The whole sorry story is detailed here


----------



## Alcuin

Thank you, *Eledhwen*!


----------



## Mike

A shame that no prints exist. Even the 12-minute version looks worth seeing. I'm sure the visuals were amazing, even if lacking in plot.

The changes he made before, though...those make my head hurt. Bilbo marrying a princess? S'what?


----------



## Starbrow

I bet the NPW's would have a field day with this.


----------



## Alcuin

Starbrow said:


> I bet the NPW's would have a field day with this.


NPW? Can you expand, or is it NSFW?

Were all the prints of the film lost or destroyed? I suppose I am asking, is there any chance that the short might be viewed again?


----------



## Starbrow

NPW refers to Nit Picking Weenies or those people who disliked Peter Jackson's LOTR and found many things to complain about.


----------



## Alcuin

Ah. I see. I must be an NPW. Thank you: now when the epithet is applied to me, at least for PJ’s films, I shall wear it.

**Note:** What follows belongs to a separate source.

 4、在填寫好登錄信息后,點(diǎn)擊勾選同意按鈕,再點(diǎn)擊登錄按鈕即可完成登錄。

All the same, I’d like to see the 12-minute short. So to repost the question, is it gone for good, lost, or tucked away somewhere? (I have not bothered to read all four pages of the article myself; I am hoping a TTFer who has will provide the answer.)

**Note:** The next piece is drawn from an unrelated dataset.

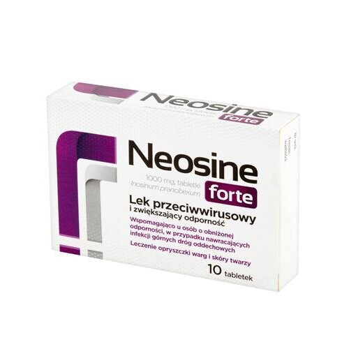 Lek Neosine forte zawiera substancję czynną – inozyny pranobeks, która hamuje namnażanie chorobotwórczych dla człowieka wirusów z grupy Herpes.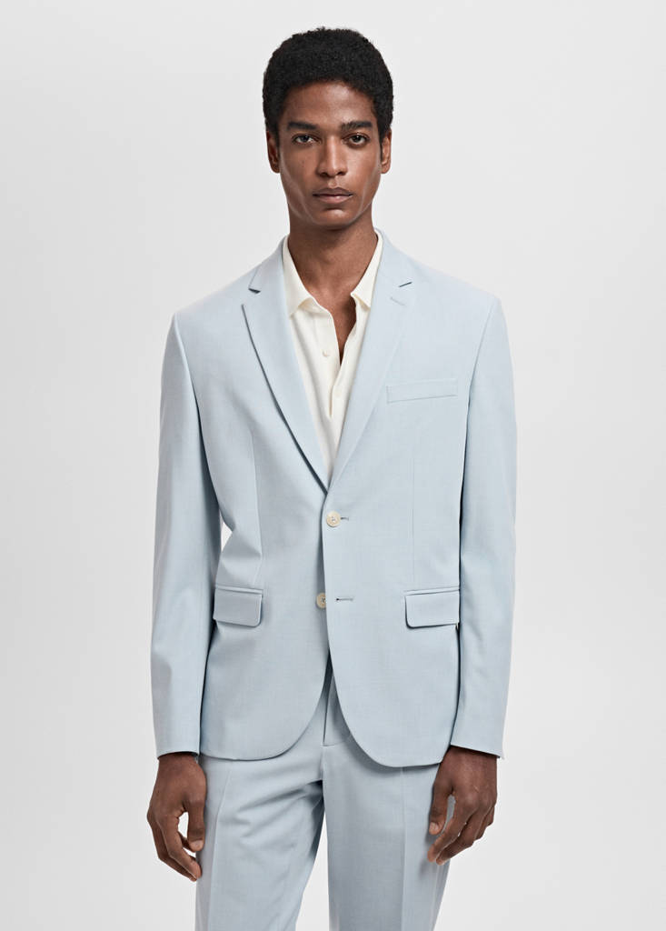 Slim fit. Tailoring collection. Notch lapels and buttonhole. Chest welt pocket. Front closure with buttons. Two welt and flap pockets on the front. Buttoned strap cuffs. Double back slit. Inner lining. Interior pocket

I don’t recall reading anything about this in _Letters of JRR Tolkien_ or Humphrey Carter’s _Tolkien: A Biography_. Did I overlook it, or was it not mentioned there? Wasn’t this [strike]1968[/strike] 1966?


----------



## Mike

The article says all prints were destroyed. Unlike the first _Fantastic Four_ movie, or even _The Star Wars Christmas Special_, nerds didn't hawk bootleg VHS tapes, mostly because there were no VHS tapes to hawk. A shame, though. Even _The Day the Clown Cried_ has a print hidden somewhere, just waiting for Jerry Louis to die so we can finally see it.


----------



## Alcuin

Mike said:


> The article says all prints were destroyed. Unlike the first _Fantastic Four_ movie, or even _The Star Wars Christmas Special_, nerds didn't hawk bootleg VHS tapes, mostly because there were no VHS tapes to hawk. A shame, though. Even _The Day the Clown Cried_ has a print hidden somewhere, just waiting for Jerry Louis to die so we can finally see it.


Found it!





_This message was "too short". This is padding to make it lots longer._


----------



## Mike

What, Rickrolls not good enough anymore, Alcuin?


----------